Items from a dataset

>>>>

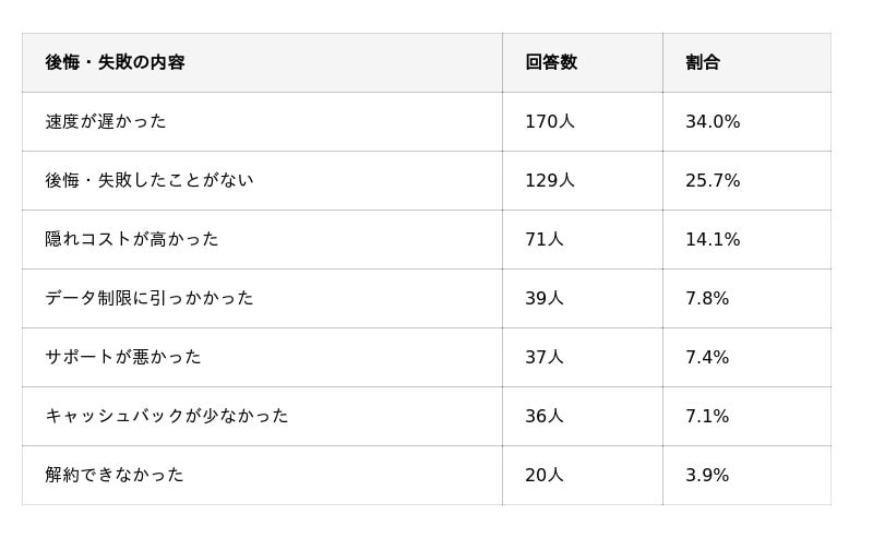 後悔・失敗の理由では、「速度が遅かった」に次いで「隠れコストが高かった」(14.1%)、「データ制限に引っかかった」(7.8%)が続いています。
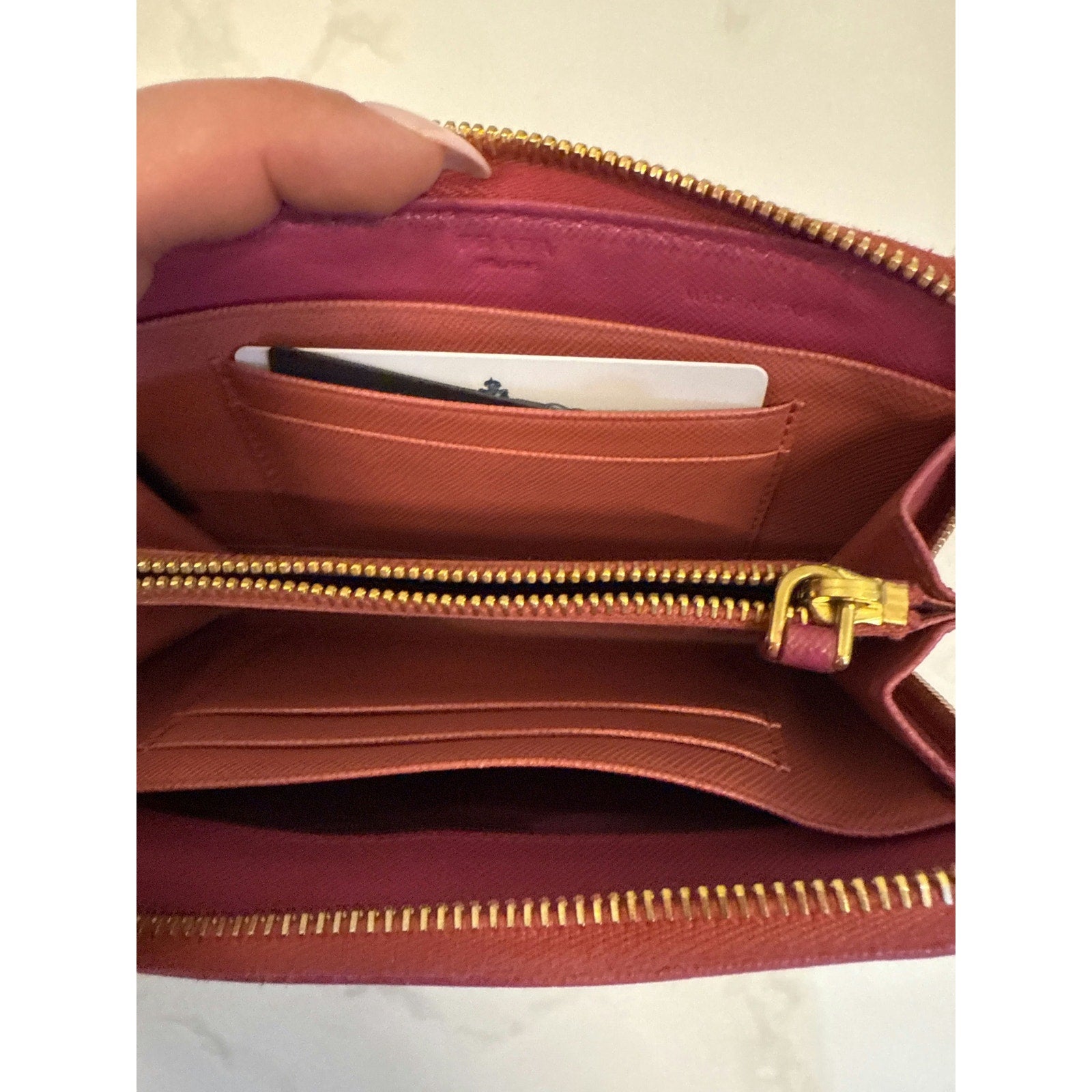 Features: Gold-tone hardware, multiple card slots, spacious compartments
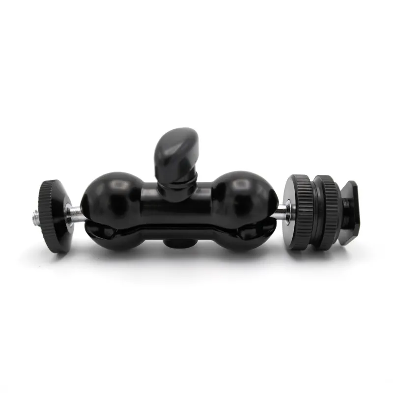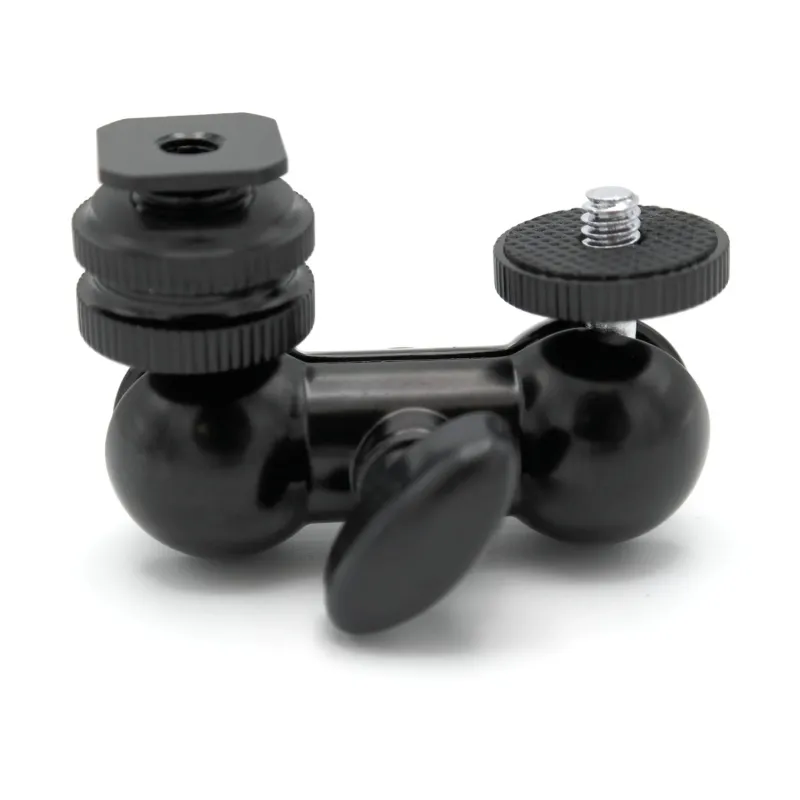 The Caruba Dual Bll Head Bracket is a convenient mounting plate with a ball head on each side. The bracket is provided with a 1/4" male screw thread on the top, so you can mount a camera or camera accessory. The bracket is provided with a 1/4" female tripod connection at the bottom. The ball head on each side make it easy to position and adjust your camera to every setup. The ball head can easily be locked with the twist clamp, after you are done with positioning.
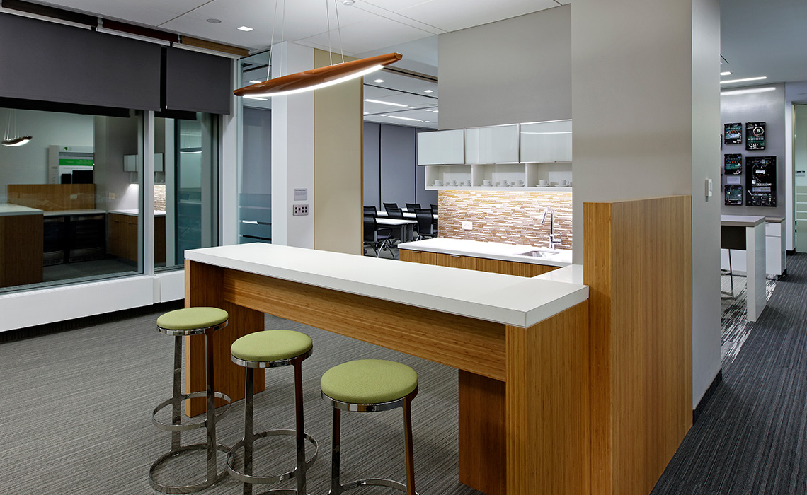 The plan was to build a facility where the manufacturer could demonstrate the full range of products sold through electrical contractors and wholesale outlets, as well as showing them how to specify and install the equipment. The Centre was designed to accommodate two groups simultaneously, with a demonstration areas and a classroom for in-depth training. A small cafe provided a friendly atmosphere for refreshments, doubling as a third presentation space, should the need arise.
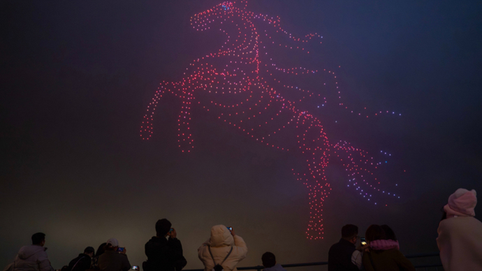 原标题:《【场面】巨型“彩马”驰骋上海夜空 上千架无人机浪漫烟花交相辉映》
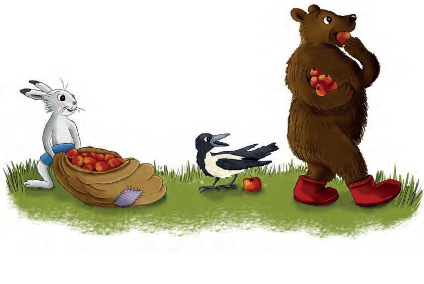 Der Bär probiert erst einen Apfel. „Nicht schlecht, deine Äpfel!“, gibt er zufrieden von sich. Dann nimmt er sich eine große Tatze voll davon mit und geht seinen Weg. Und der Hase macht sich auf den Weg nach Hause.
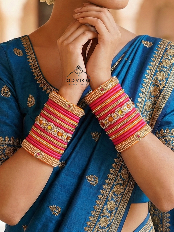 Elegant bridal pink silk bangles set
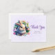 Cartão de agradecimento com uma ilustração adorável. Um pequeno coelho bebê marrom e branco. Cercado por lindas flores de primavera.
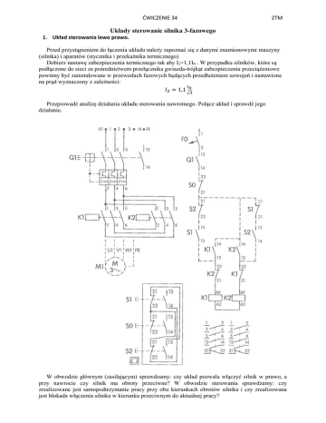 ĆWICZENIE 34 2TM Układy sterowanie silnika 3-fazowego 1. Układ sterowania lewo prawo. Przed przystąpieniem do łączenia układu należy zapoznać się z danymi znamionowymi maszyny (silnika) i aparatów (stycznika i przekaźnika termicznego) Dobierz nastawę zabezpieczenia termicznego tak aby Iz=1,1IN . W przypadku silników, które są podłączone do sieci za pośrednictwem przełącznika gwiazda-trójkąt zabezpieczenia przeciążeniowe powinny być zainstalowane w przewodach fazowych będących przedłużeniem uzwojeń i nastawione na prąd wyznaczony z zależności: 𝐼 𝐼𝑍 = 1,1 𝑁 √3 Przeprowadź analizę działania układu sterowania nawrotnego. Połącz układ i sprawdź jego działanie. W obwodzie głównym (zasilającym) sprawdzamy: czy układ pozwala włączyć silnik w prawo, a przy nawrocie czy silnik ma obroty przeciwne? W obwodzie sterowania sprawdzamy: czy zrealizowane jest samopodtrzymanie pracy przy obu kierunkach obrotów silnika i czy zrealizowana jest blokada włączenia silnika w kierunku przeciwnym do aktualnej pracy? Opisz działanie układu. Wyjaśnij, działanie blokady stycznikowej i przełącznikowej. Zaproponuj modyfikację układu sterowania tak, aby można było zmienić kierunek bez użycia przycisku S0. 2. Układ rozruchu gwiazda trójkąt. Przeprowadź analizę działania układu sterowania rozruchem silnika indukcyjnego. Połącz układ sterowania i sprawdź jego działanie. Połącz tory prądowe i przeprowadź rozruch silnika. Zaproponuj modyfikację układu sterowania z wykorzystaniem przekaźnika czasowego. Przeprowadź rozruch silnika z nowym układem sterowania.

<<<<

* Work instruction *
Please write every line above out exactly as given, except for any pictures.

* Reply *
 後悔・失敗の理由では、「速度が遅かった」に次いで「隠れコストが高かった」(14.1%)、「データ制限に引っかかった」(7.8%)が続いています。
 Features: Gold-tone hardware, multiple card slots, spacious compartments
 The Caruba Dual Bll Head Bracket is a convenient mounting plate with a ball head on each side. The bracket is provided with a 1/4" male screw thread on the top, so you can mount a camera or camera accessory. The bracket is provided with a 1/4" female tripod connection at the bottom. The ball head on each side make it easy to position and adjust your camera to every setup. The ball head can easily be locked with the twist clamp, after you are done with positioning.
 The plan was to build a facility where the manufacturer could demonstrate the full range of products sold through electrical contractors and wholesale outlets, as well as showing them how to specify and install the equipment. The Centre was designed to accommodate two groups simultaneously, with a demonstration areas and a classroom for in-depth training. A small cafe provided a friendly atmosphere for refreshments, doubling as a third presentation space, should the need arise.
 原标题:《【场面】巨型“彩马”驰骋上海夜空 上千架无人机浪漫烟花交相辉映》
 Der Bär probiert erst einen Apfel. „Nicht schlecht, deine Äpfel!“, gibt er zufrieden von sich. Dann nimmt er sich eine große Tatze voll davon mit und geht seinen Weg. Und der Hase macht sich auf den Weg nach Hause.
 Elegant bridal pink silk bangles set
 Cartão de agradecimento com uma ilustração adorável. Um pequeno coelho bebê marrom e branco. Cercado por lindas flores de primavera.
 ĆWICZENIE 34 2TM Układy sterowanie silnika 3-fazowego 1. Układ sterowania lewo prawo. Przed przystąpieniem do łączenia układu należy zapoznać się z danymi znamionowymi maszyny (silnika) i aparatów (stycznika i przekaźnika termicznego) Dobierz nastawę zabezpieczenia termicznego tak aby Iz=1,1IN . W przypadku silników, które są podłączone do sieci za pośrednictwem przełącznika gwiazda-trójkąt zabezpieczenia przeciążeniowe powinny być zainstalowane w przewodach fazowych będących przedłużeniem uzwojeń i nastawione na prąd wyznaczony z zależności: 𝐼 𝐼𝑍 = 1,1 𝑁 √3 Przeprowadź analizę działania układu sterowania nawrotnego. Połącz układ i sprawdź jego działanie. W obwodzie głównym (zasilającym) sprawdzamy: czy układ pozwala włączyć silnik w prawo, a przy nawrocie czy silnik ma obroty przeciwne? W obwodzie sterowania sprawdzamy: czy zrealizowane jest samopodtrzymanie pracy przy obu kierunkach obrotów silnika i czy zrealizowana jest blokada włączenia silnika w kierunku przeciwnym do aktualnej pracy? Opisz działanie układu. Wyjaśnij, działanie blokady stycznikowej i przełącznikowej. Zaproponuj modyfikację układu sterowania tak, aby można było zmienić kierunek bez użycia przycisku S0. 2. Układ rozruchu gwiazda trójkąt. Przeprowadź analizę działania układu sterowania rozruchem silnika indukcyjnego. Połącz układ sterowania i sprawdź jego działanie. Połącz tory prądowe i przeprowadź rozruch silnika. Zaproponuj modyfikację układu sterowania z wykorzystaniem przekaźnika czasowego. Przeprowadź rozruch silnika z nowym układem sterowania.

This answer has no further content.